The pulmonary artery and the pulmonary vein and the umbilical cord.

What does the pulmonary valve do?

The pulmonary artery carries deoxygenated blood from the right ventricle into the lungs

What does the pulmonary vein do?

It carries oxygenated blood from the lungs into the left atrium.

Why is the umbilical cord an exception to the artery rule?

The umbilical cord has two veins one artery and the veins carry oxygenated blood while the artery carries deoxygenated blood.

What are the four components of blood?

Red blood cells, white blood cells, Plasma, Platelets

What do red blood cells, (erythocrytes) do?

They give the blood it's color, carries oxygen to body cells, and carries carbon dioxide away from body cells.

What do white blood cells, (leukocytes) do?

Part of the blood that helps the body's immune system to defend against infection

what is plasma?

The liquid part of the blood

What are Platelets?

Blood components that are essential to the formation of blood cells.

What does the Sinoatrial (SA) node do?

It sets the heart to beat between 60-100 beats per minute.

What does the atrioventricular node do?

If the SA node fails the AV node takes over and sets the rate of the heart to beat 40-60 times per minute.

What does the Purkinje fibers do?

Once the Av node fails the Purkinje fibers will be the pacemaker for 20-40 beats per minute.

Where do electrical impulses start in the heart?

They start in the atrium go to the ventricle in a Superior to inferior fashion.

what does an electrocardiogram do?

A (ECG or EKG) is a graphic respresentation of the electrical activity within the heart.

What are Dysrhythmias?

Dysrythmias can decrease the amount of blood that is pumped into the heart.

Cardiac arrest

If the heart doesn't get enough oxygen a heart attack may result.

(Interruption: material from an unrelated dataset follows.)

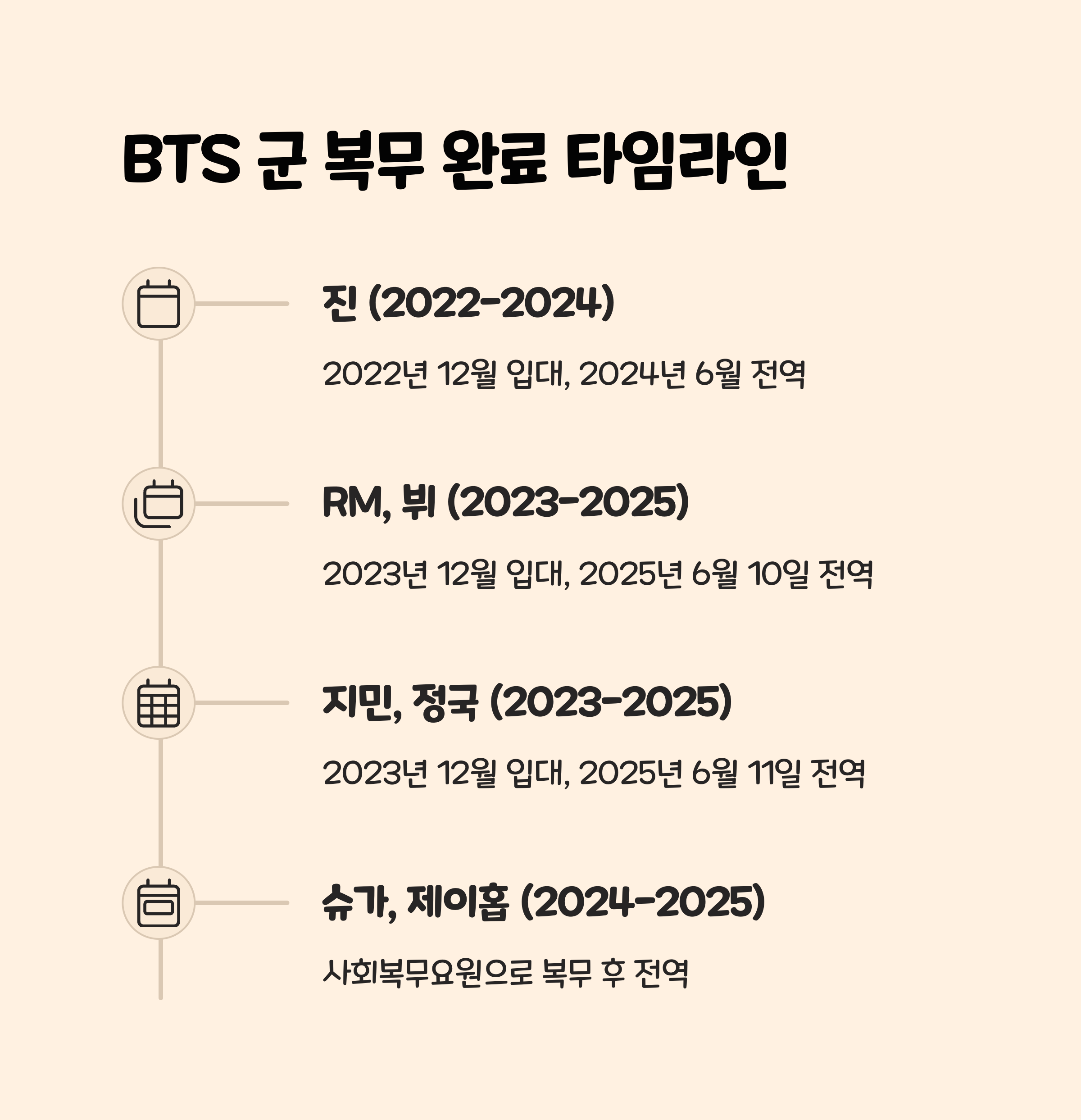 1. BTS 군 복무 현황: 2025년, 모두 돌아온다

What does Fibrinolytic therapy do?

Fibrinolytic therapy helps to dissolve clots by blocking the coronary artery. You must get a past pertinent medical history because this could cause life threatening hemorrhage if they had a recent stroke or major trauma.

What is different about diabetic cardiac patients?

They may not display common symptoms such as chest paint, SOB Etc... You always want ALS quicker for a diabetic cardiac event.